Everything from the line with "Valentine S Day" to the line with "Органайзер також має" in the listing below, both lines included, needs to be copied exactly, apart from the pictures.
--- DATA SECTION ---
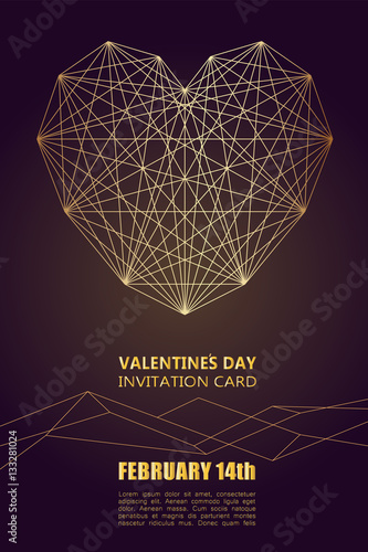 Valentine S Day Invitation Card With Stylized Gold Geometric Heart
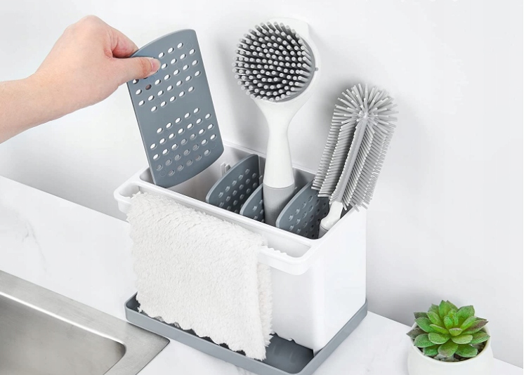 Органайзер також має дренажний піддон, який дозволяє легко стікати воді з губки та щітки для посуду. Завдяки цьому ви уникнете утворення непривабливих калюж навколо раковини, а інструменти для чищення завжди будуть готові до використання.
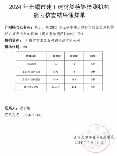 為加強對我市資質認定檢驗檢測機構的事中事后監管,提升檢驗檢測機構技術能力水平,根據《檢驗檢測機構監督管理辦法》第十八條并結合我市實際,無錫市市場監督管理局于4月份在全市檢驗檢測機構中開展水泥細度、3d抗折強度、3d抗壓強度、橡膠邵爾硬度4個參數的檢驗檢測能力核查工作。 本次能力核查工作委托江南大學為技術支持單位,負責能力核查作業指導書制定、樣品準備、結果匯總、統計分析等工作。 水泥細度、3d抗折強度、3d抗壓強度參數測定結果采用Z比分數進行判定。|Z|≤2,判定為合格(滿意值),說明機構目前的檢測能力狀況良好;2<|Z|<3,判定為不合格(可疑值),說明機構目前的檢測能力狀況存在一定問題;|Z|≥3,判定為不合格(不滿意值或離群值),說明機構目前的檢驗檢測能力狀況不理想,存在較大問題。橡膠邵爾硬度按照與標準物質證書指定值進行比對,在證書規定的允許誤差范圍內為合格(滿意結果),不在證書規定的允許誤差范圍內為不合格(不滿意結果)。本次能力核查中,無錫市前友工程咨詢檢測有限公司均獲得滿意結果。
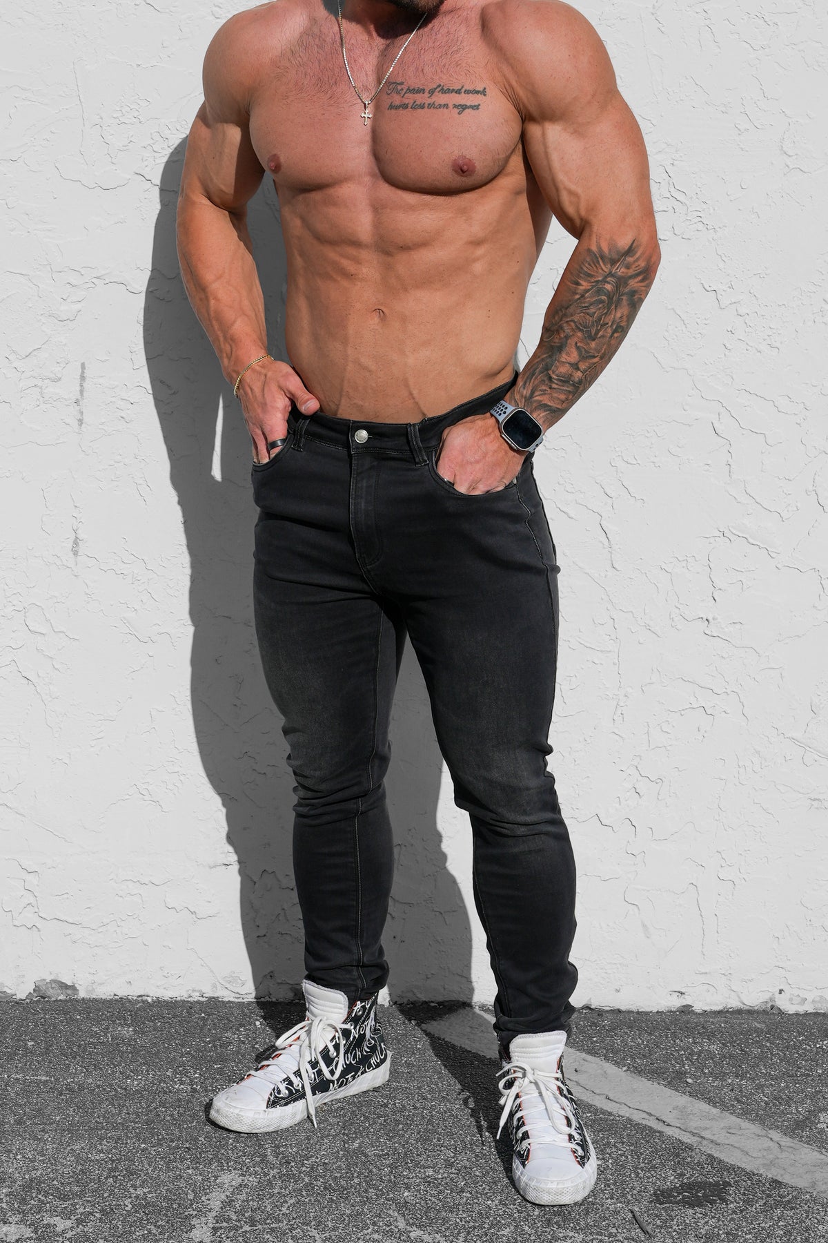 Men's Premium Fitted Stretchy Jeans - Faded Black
---
--- DATA SECTION ---
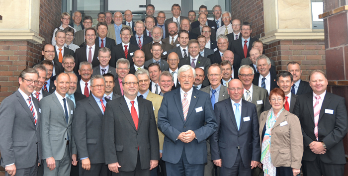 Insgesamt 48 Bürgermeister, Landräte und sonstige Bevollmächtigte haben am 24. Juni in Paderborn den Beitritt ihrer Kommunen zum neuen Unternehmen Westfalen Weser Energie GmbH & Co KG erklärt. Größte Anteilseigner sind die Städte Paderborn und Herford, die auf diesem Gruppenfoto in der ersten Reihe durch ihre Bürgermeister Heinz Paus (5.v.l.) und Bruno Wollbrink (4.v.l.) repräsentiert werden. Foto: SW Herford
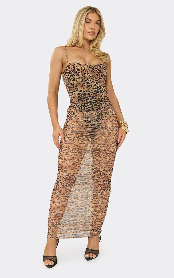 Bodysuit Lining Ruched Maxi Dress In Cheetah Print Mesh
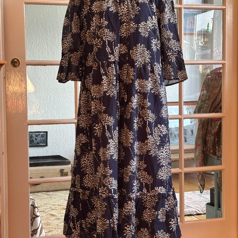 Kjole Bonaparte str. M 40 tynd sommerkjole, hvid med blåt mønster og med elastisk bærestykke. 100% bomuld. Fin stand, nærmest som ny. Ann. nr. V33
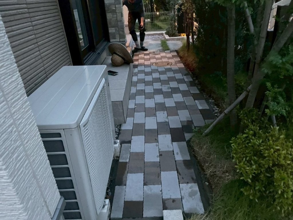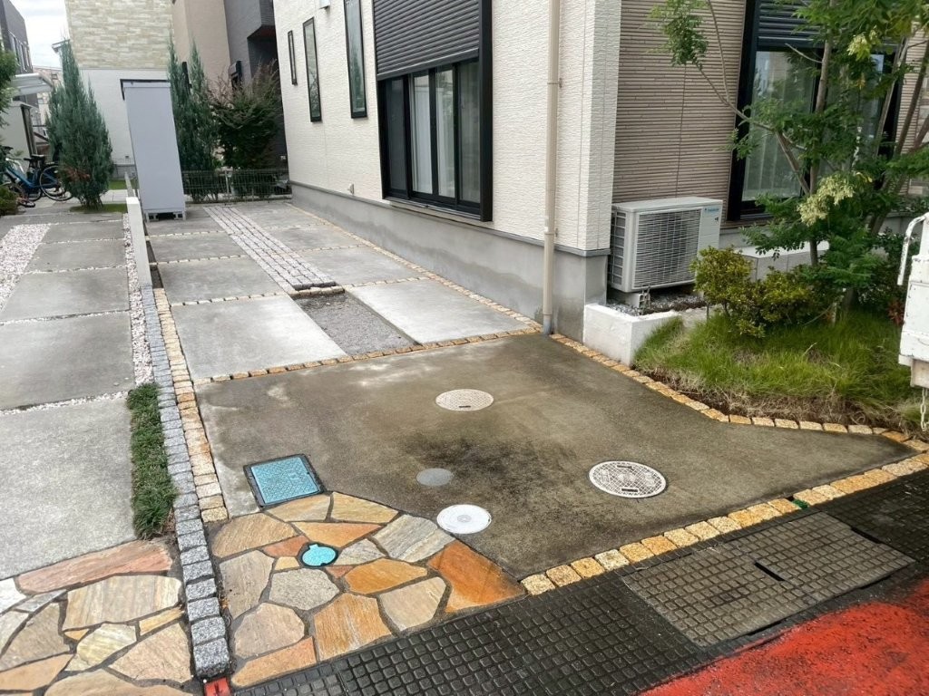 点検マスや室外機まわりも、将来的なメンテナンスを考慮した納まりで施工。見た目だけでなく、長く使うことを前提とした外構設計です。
---
--- DATA SECTION ---
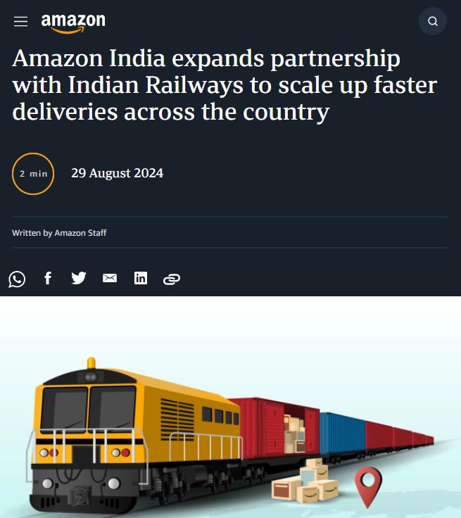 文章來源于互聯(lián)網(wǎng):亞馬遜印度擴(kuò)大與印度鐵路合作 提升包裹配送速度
---
- [RESULT OF THE TASK]
 Valentine S Day Invitation Card With Stylized Gold Geometric Heart
 Органайзер також має дренажний піддон, який дозволяє легко стікати воді з губки та щітки для посуду. Завдяки цьому ви уникнете утворення непривабливих калюж навколо раковини, а інструменти для чищення завжди будуть готові до використання.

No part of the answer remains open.